Recorded information START
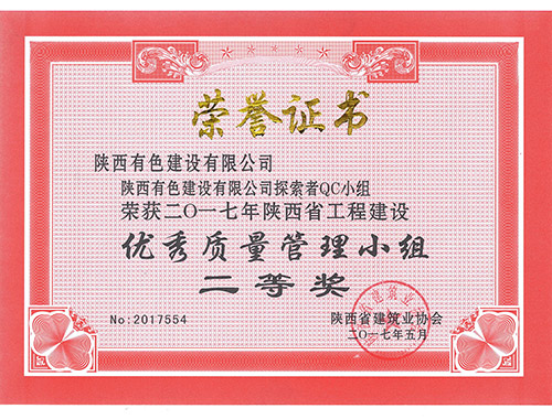 探索者QC小组荣获2017年陕西省工程建...
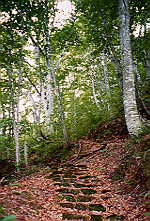 芭蕉が「山賊が出はしまいか」と恐る恐る越えた道は、現在遊歩道として整備されています。山刀伐トンネル入口から遊歩道を歩いて40分。標高差にして140mほど。右写真『奥の細道』文学碑の建つ頂上にたどりつきました。
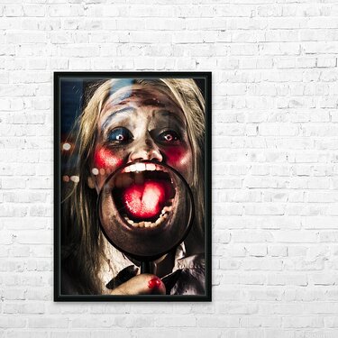 Dark and scary horror face. Evil laugh Frame print
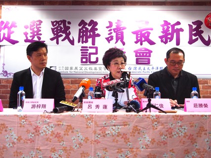 台灣政治已超越民粹,奠定民主?前副總統呂秀蓮27日於「從選戰解讀最新民意」記者會上分析表示,從今以後公投將會主導台灣政局,藍綠兩黨均需反思,在「人民要當家作主」的局面下,包括吳統雄、游梓翔、康仁俊與莊勝榮...
Recorded information END
Your assignment >>
Apart from the pictures, the whole listing should be reproduced exactly.

Answer to the problem >>
 探索者QC小组荣获2017年陕西省工程建...
 芭蕉が「山賊が出はしまいか」と恐る恐る越えた道は、現在遊歩道として整備されています。山刀伐トンネル入口から遊歩道を歩いて40分。標高差にして140mほど。右写真『奥の細道』文学碑の建つ頂上にたどりつきました。
 Dark and scary horror face. Evil laugh Frame print
 台灣政治已超越民粹,奠定民主?前副總統呂秀蓮27日於「從選戰解讀最新民意」記者會上分析表示,從今以後公投將會主導台灣政局,藍綠兩黨均需反思,在「人民要當家作主」的局面下,包括吳統雄、游梓翔、康仁俊與莊勝榮...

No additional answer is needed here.